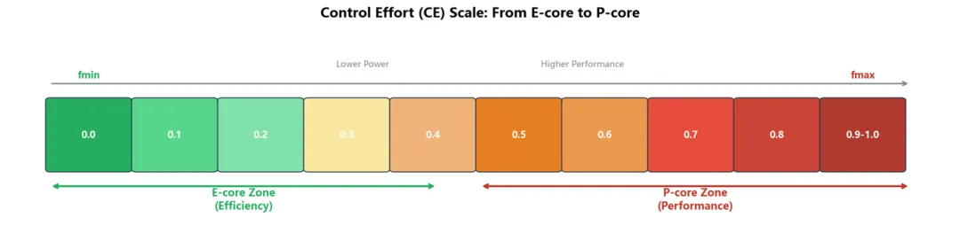 图 4:Control Effort 量表 —— 从 E-core 最低频到 P-core 最高频的连续映射
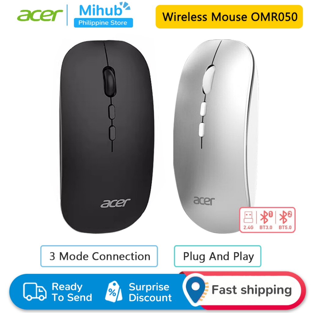 Acer wireless mouse wireless Bluetooth mouse dual -model portable business laptop mobile phone tablet mac universal quiet light sound black office mouse can be charged black
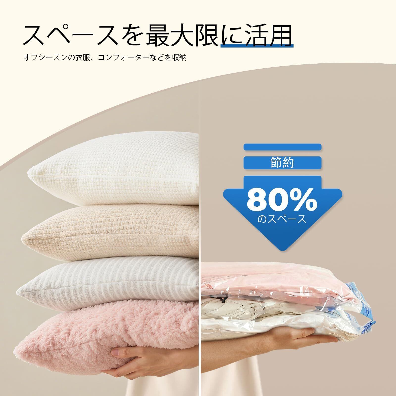 高速&パワフル圧縮:省スペース布団圧縮袋 掃除機不要は、収納スペースを最大80%拡大します。付属のコードレスエアポンプは13 CFM(360 L/分)の強力な空気流量を発生し、1つの布団収納袋をわずか10~15秒で圧縮します。衣類、寝具、毛布、旅行の必需品などを簡単に収納できます。
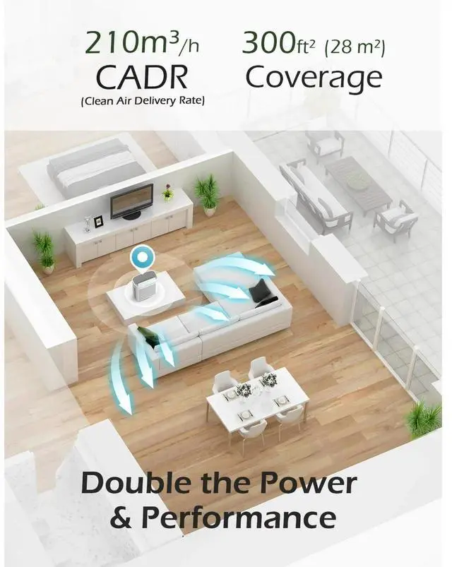Powerful Purification??: Boasting a CADR rate of 210 m³/h, PUURVSAS air purifier can effectively cover spaces up to 300 ft²/28 m², perfect for living room, bedroom, office, baby room, etc. The contemporary design fits nicely next to your sofa or under a window sill to become a part of your home.
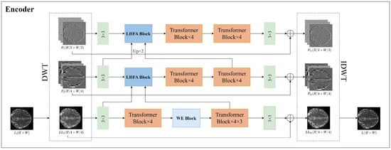 The above robust watermarking algorithms based on deep learning perform watermark embedding in the spatial domain. However, since DWI images contain rich texture and greyscale information, to preserve their texture details and fibre direction, a two-dimensional discrete wavelet transform (DWT) is adopted to decompose the DWI image into its corresponding frequency components. It performs watermark embedding in the low-frequency part of the DWI image in the wavelet domain. Discrete wavelet transform can decompose the cover image into different spatial and temporal scales and obtain its corresponding frequency components, effectively performing various image processing tasks. Nowadays, discrete wavelet transform is widely used in various computer vision tasks in deep learning research, such as super-resolution reconstruction, style transfer, and quality enhancement. Unlike the literature that directly passes all wavelet frequency information in the image to convolutional layers, the algorithm proposed in this section independently designs network branches for each group of frequency information. It combines the features of other branches to achieve a better reconstruction performance.
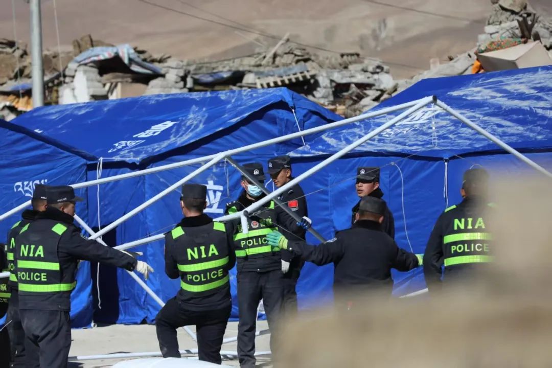 地震發(fā)生后,西藏邊檢總站日喀則邊境管理支隊救援民警不知疲倦地奔走在震中3個受損嚴(yán)重的村莊,了解震后群眾生產(chǎn)生活情況,協(xié)助解決面臨的各種困難問題。面對240頂帳篷,230戶1200余名災(zāi)民,民警們組建了抗震救災(zāi)雜村、嘎布村和玉白村臨時警務(wù)室,配備警力30人,實行24小時勤務(wù)模式,主要承擔(dān)交通疏導(dǎo)、宣傳教育、隱患排查、秩序維持、輔導(dǎo)功課、協(xié)助地方開展其他救援等任務(wù),同時設(shè)置常用藥箱,方便群眾用藥需求,被群眾親切地稱為“建在身邊的派出所”。
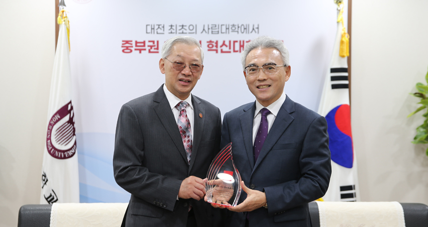 Last year, Claremont School of Theology celebrated the new president of Mokwon University by presenting a congratulatory plaque honoring the cooperative partner school. CST President the Rev. Dr. Jeffrey Kuan presented the plaque to the Rev. Dr. Heehak Lee, the 10th president of Mokwon University. In a lecture for Mokwon students, Kuan’s topic was “Reading the Moses Narrative for Leadership in a Multicultural World.” He also conducted a student information session. Three CST alumni from Mokwon currently serve as faculty members at Mokwon University.
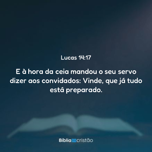 17 E à hora da ceia mandou o seu servo dizer aos convidados: Vinde, que já tudo está preparado.
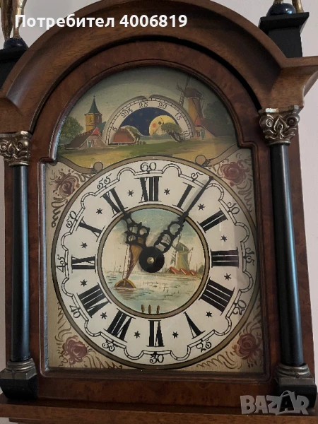 Циферблат: Ръчно рисуван с холандска сцена, най-вероятно включваща ветроходни лодки или пейзаж.
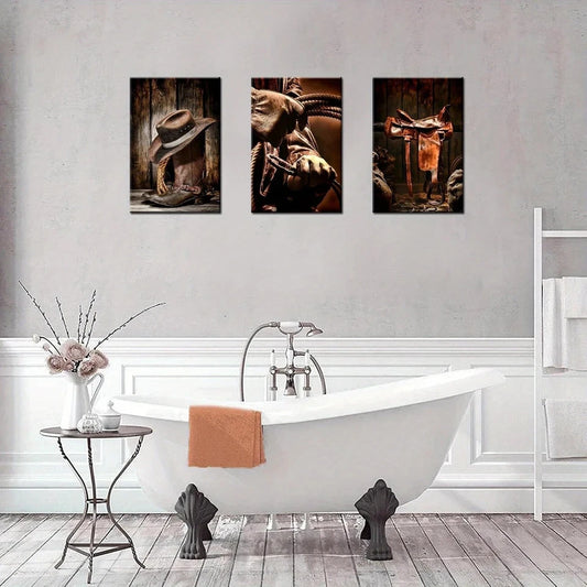3pcs American West Rodeo Cowboy Metal Print Ready to Hang Art
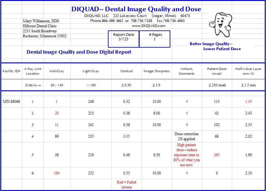 DIQUAD analyzes the digital or film image and combines the image quality, and dosimetry information into a Summary Report. The Summary Report highlights those measurements which do not pass the criteria in red. The criteria is based on a large number (over 50,000) of DIQUAD measurements and represents the 75th percentile of those measurements.
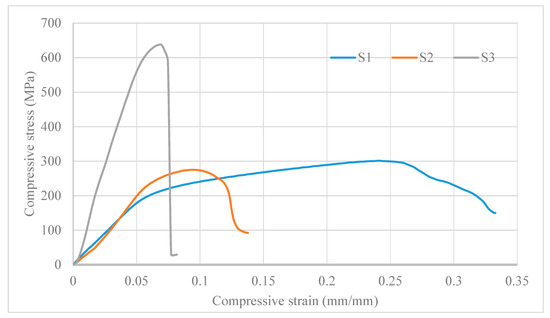 The analysis of the curves in Figure 11 has shown that S1 has the highest total compressive strain. This is attributed to the lower alloying time. S2, in contrast has both a lower compressive stress and strain. This is attributed to the long alloying time, increasing the brittleness. Additionally, the agglomeration of the reinforcement and lack of bonding lowered the strengthening. The S3 curve, in contrast, has a very high strength, reaching more than 200% of that of S1 samples. This is attributed to the effectiveness of the strategy, used to produce the composite of this sample, in increasing the strength of the composite to its highest possible value.
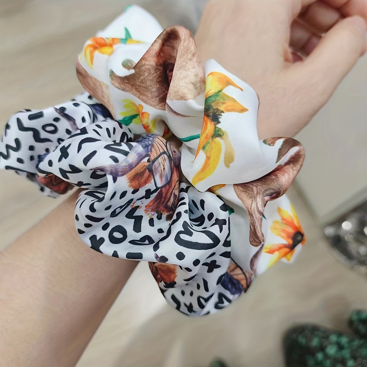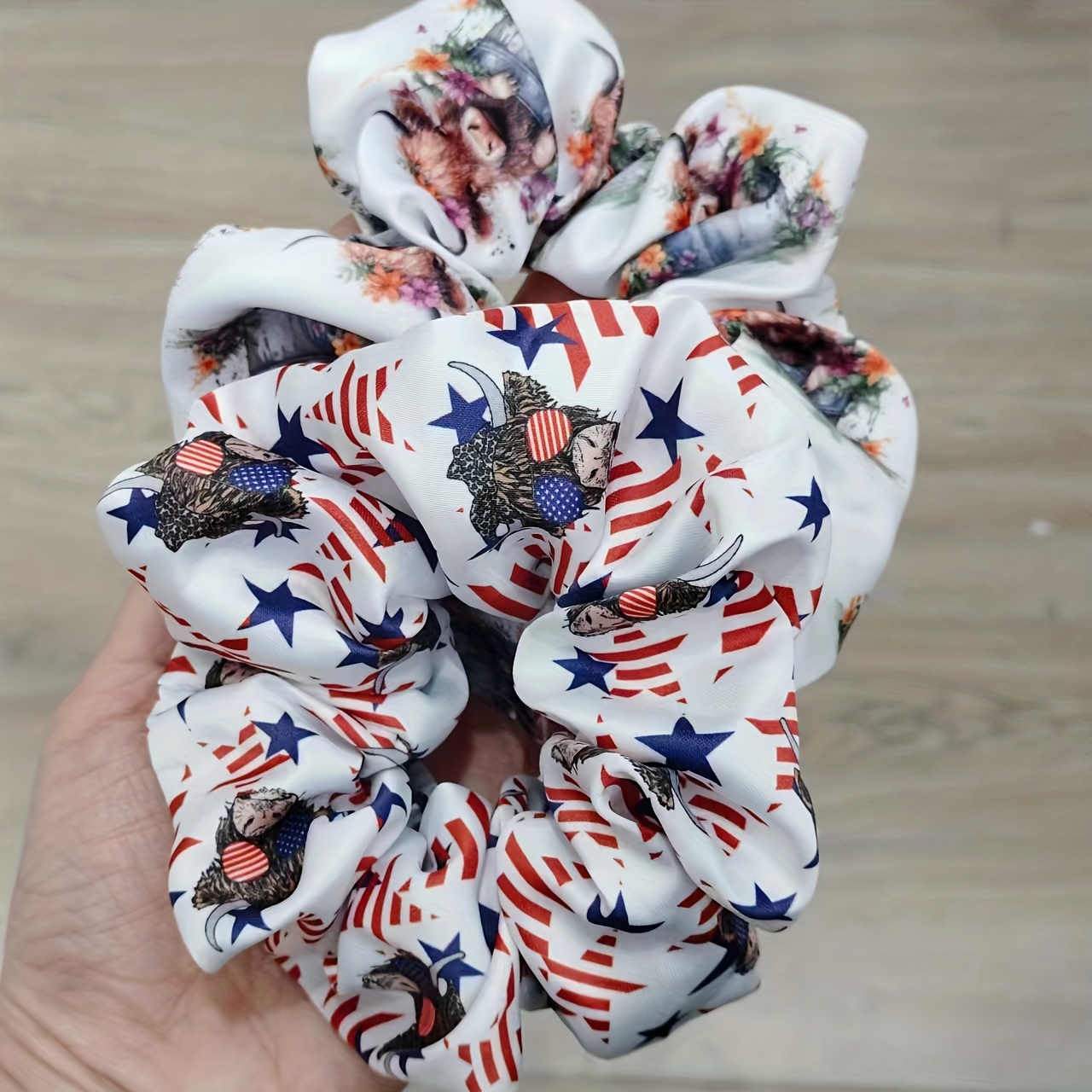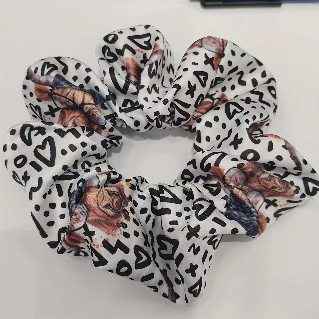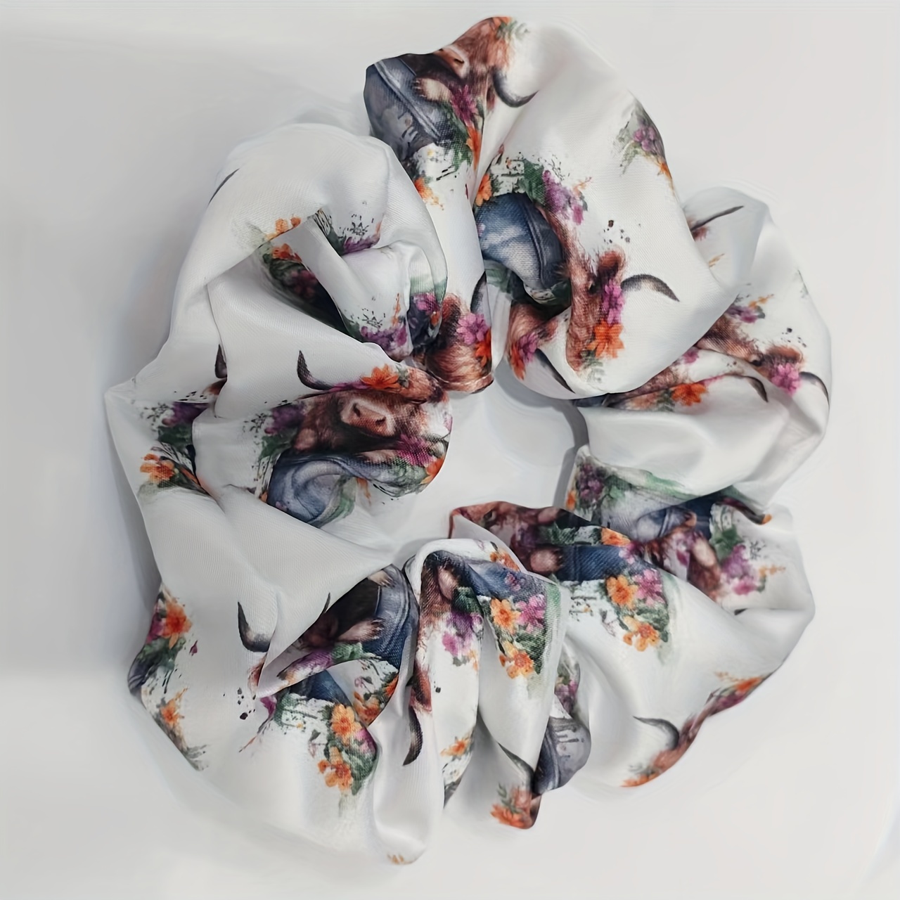 2pcs Adorable Highland Cow Pattern Scrunchies –

▶ **Exercise objective**:
In the listing above, find the line containing "Циферблат: Ръчно рисуван" and the line containing "DIQUAD analyzes the", then write out both of them and every line between, exactly, with no pictures.

▶ **Task solution**:
 Циферблат: Ръчно рисуван с холандска сцена, най-вероятно включваща ветроходни лодки или пейзаж.
3pcs American West Rodeo Cowboy Metal Print Ready to Hang Art
 DIQUAD analyzes the digital or film image and combines the image quality, and dosimetry information into a Summary Report. The Summary Report highlights those measurements which do not pass the criteria in red. The criteria is based on a large number (over 50,000) of DIQUAD measurements and represents the 75th percentile of those measurements.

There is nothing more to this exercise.